February 16, 2010

Single Cloud Chip Symposium at Intel Labs in Santa Clara

A few months back in December 2009 Intel Labs announced a new many core research prototype called SCC. SCC stands for single cloud chip and adds up 48 Intel-Architecture (IA) cores on a single chip, which is the largest number ever put on a single CPU. Last week on February 12th Intel Labs held the SCC Symposium inviting researchers to get to know this chip in more detail. The goal of this symposium was to allow researchers have a really close look at the chip and its capabilities. The idea is that attending researchers apply for access to such a system in order to explore the possibilities of many core computing.

In this blog post I will give you an introduction to the SCC architecture, its challenges and opportunities.

SCC Platform

As mentioned before the SCC platform is a single chip that has 48 IA cores. Those 48 cores are arranged in a two dimensional array of 6 x 4 tiles, and each tile has two cores which are Pentium processors running at max 1.0 GHz frequency. Each core has a 16 kB L1 cache and a 256 kB L2 cache which are private to the core. Main memory is connected to the chip using 4 DDR memory controllers.
For on chip communication all cores are connected to each other using an on-chip mesh network with 256 GB/s bisectional bandwidth. Furthermore the SCC introduces hardware support for message passing and the cores on a tile share 16 kB of additional message passing buffer (MPB). Access to the MPB is very fast and each core can write into / read from any other core‘s MPB. In general, the MPB is of the same structure and size as each core‘s L1 cache, but instead of being only available as a private memory the MPB is shared.

Intel Labs engineers took special care of making the inter-core communication as fast as possible. When communicating with other cores the communication latency is amazingly low. Since each message has to be sent via the routers in the mesh network, the latency depends on the number of hops a message takes, with each hop adding 4 cycles of latency. Another interesting fact is that the router network runs with a different clock speed than the actual cores and Intel engineers said that this design decision was made on purpose: the over-provisioning of the mesh network will not allow the cores to max out the available bandwidth on chip.
Due to the fact that the SCC misses hardware support for cache coherence it is not possible to simply boot any given operating system on the SCC platform and use all 48 cores at the same time. Instead, Intel Labs decided to boot a single Linux on each core. Inter-core communication is handled by RCCE (pronounced "Rocky") which is a communication library based on message passing. How future operating systems could work with SCC using all cores is not solved, and Intel has put this question out to the research community - for example, the Barrelfish project at ETH Zuerich thinks about porting their next-generation multi-core OS to the SCC platform.

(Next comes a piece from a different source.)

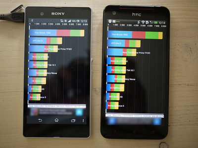Производительность обоих аппаратов одинакова - и там и там четырехъядерные процессоры Qualcomm, работающие на частоте 1,5 ГГц и графика Adreno 320. Вот результаты теста Quadrant: видно, что смартфоны пришли буквально "ноздря в ноздрю". Это максимальные показатели для имеющихся сейчас в продаже Android-смартфонов:

The system design of SCC allows ultra-fast communication on the chip but introduces a couple of challenges that software engineers have to deal with in order to exploit the chip to the maximum extent. For the sake of maintaining a simple chip design the maximum address space is limited to 64GB and -- more important -- to a maximum address length of 32 bit. As a consequence each core can only address 4GB of main memory. Of course the lack of 64bit addresses can be problematic - especially in the world of main memory databases - but Intel expects the research community to scale down their problems and promises to add more features over time as the SCC platform evolves. Since the system design and fabrication is a long and expensive process the goal is to identify sets of features that are required from software engineers and add them to the platform in the order of priorities.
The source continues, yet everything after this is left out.